The causes of depression are not well understood, though genetics, brain chemistry and personal circumstances all appear to play a role. The illness is defined as a constellation of symptoms, from a sense of hopelessness to the inability to sleep, that loom over a person for a minimum of two weeks.

Young said depression is a chronic condition only for a small portion of people; for most, it comes and goes. That can disguise the struggles a well-known person might have with the illness, he said.

“People can be really productive and then fall into depression,” he said. “You won’t see them for a year or two, and then they’ll come back. It can be that success comes in episodes and depression does too, but the public doesn’t see that.”

Though depression generally first strikes in a person’s teens or 20s, it can hang on for decades. William Styron, the late author of “Sophie’s Choice” and “The Confessions of Nat Turner,” wrote that for most of his life he was able to control his symptoms with booze. But at the age of 60, when Styron was one of America’s most celebrated writers, depression struck with a vengeance.

“The pain is unrelenting, and what makes the condition intolerable is the foreknowledge that no remedy will come — not in a day, an hour, a month, or a minute,” Styron wrote in “Darkness Visible,” his 1990 memoir of battling the illness. ” … One does not abandon, even briefly, one’s bed of nails, but is attached to it wherever one goes.”

While fame is no insulator from depression, neither is wealth. Poverty has been associated with a higher prevalence of the illness, but some recent research has suggested that affluent teens could be even more susceptible than their less fortunate peers.

Arizona State University psychology professor Suniya Luthar said that’s because of the demands wealthy children face to be high achievers — demands that don’t stop when they reach adulthood.

“It’s not as though once we pass adolescence, we’re no longer prey to these pressures,” she said. “If anything, it’s more so. If I have been able to maintain a certain lifestyle for my children, I can’t take a step back and say we’re moving from a seven-bedroom house to a two-bedroom house.”

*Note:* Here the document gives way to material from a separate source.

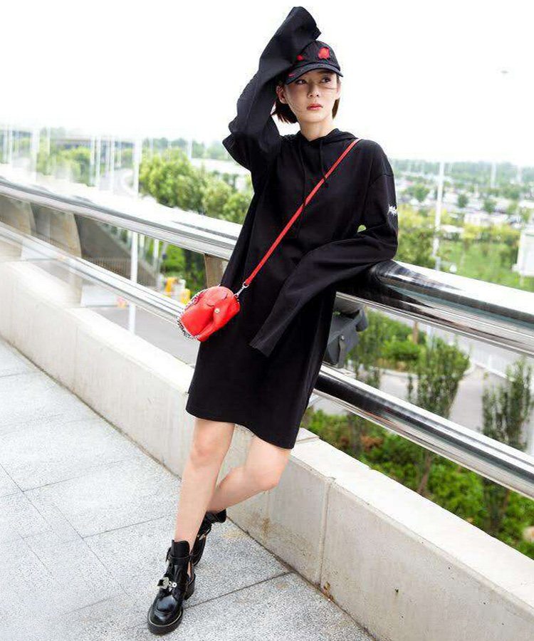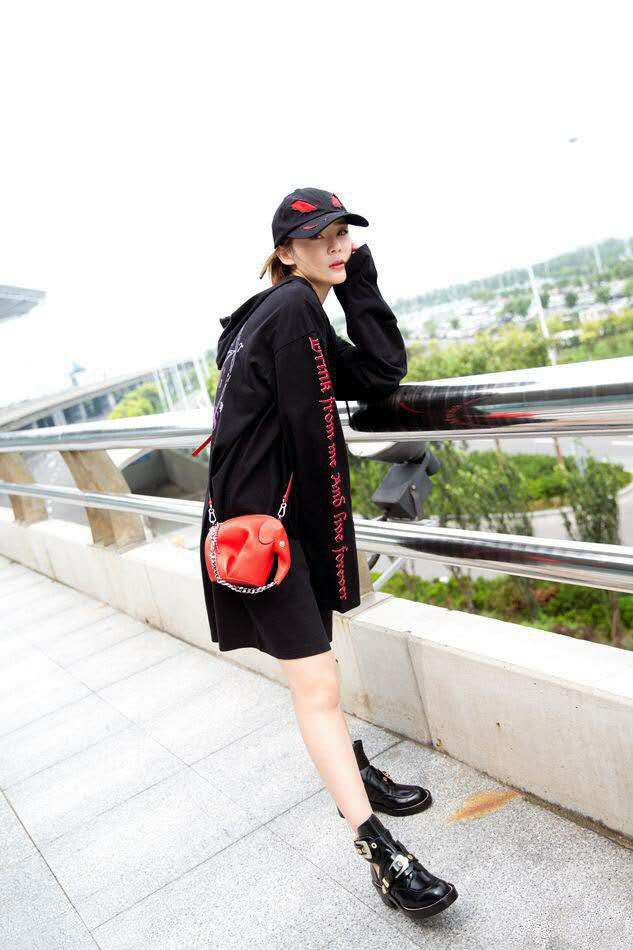 袁珊珊最近的街拍也穿了大袖子Vetements,红黑配。

When it comes to recovery, affluent people might have readier access to therapists and medication, but that is no guarantee of success, said Dr. Laura Parise, an addiction psychiatrist with NorthShore University HealthSystem.

“People who seek treatment, no matter at what level, have underlying problems that they don’t have the coping skills for,” she said. “If you have a propensity toward addiction or mental illness, you tend to seek out very unhealthy coping mechanisms.”

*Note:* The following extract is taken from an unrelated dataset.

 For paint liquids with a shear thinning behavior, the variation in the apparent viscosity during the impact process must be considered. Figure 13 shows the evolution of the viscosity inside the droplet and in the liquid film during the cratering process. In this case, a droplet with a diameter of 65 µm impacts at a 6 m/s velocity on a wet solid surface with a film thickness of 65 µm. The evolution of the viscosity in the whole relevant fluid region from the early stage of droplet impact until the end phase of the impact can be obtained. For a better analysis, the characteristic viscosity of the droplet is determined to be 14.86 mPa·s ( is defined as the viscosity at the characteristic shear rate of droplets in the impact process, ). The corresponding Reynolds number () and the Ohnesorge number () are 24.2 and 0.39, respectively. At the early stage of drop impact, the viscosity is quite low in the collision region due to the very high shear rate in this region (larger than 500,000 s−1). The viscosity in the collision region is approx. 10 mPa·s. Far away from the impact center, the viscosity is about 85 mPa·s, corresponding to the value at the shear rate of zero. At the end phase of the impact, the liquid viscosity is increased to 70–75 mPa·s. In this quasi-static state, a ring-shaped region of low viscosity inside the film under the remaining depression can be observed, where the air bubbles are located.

Williams spoke in recent years about his devotion to 12-step meetings, and in early July, People magazine reported that one of his representatives said Williams had checked into a treatment center to “fine-tune and focus on his continued commitment” to sobriety.

After Williams’ death, a representative said only that the comedian had been “battling severe depression of late.”

Parise said recovering from depression and addiction — which often occur together — can take a lifetime.

“Some people embrace it right away and maintain that connection,” she said. “Some people go in and out, where they maintain it successfully for some period of time, and relapses are fewer and farther in between. Other people, it takes them a lot longer. They’re still in the process.”

Williams’ line of work lent extra pathos to his death — “What makes his death so difficult to understand is the question, ‘How can someone so funny be so sad?'” director Barry Levinson wrote in a remembrance — but while the tormented comedian is a well-worn cultural icon, Andrew Alexander, co-owner and executive producer of The Second City improv theater, said it’s not accurate across the board.

“It would be unfair to say that people in the comedy world (suffer more from depression),” he said. “I’ve met a lot of people in the business, a lot of them pretty stable and not having those kinds of issues.”

That said, he acknowledged that many people are good at hiding their problems.

“What happens with this disease is there’s a lot of secrecy, so you just don’t know for sure,” he said.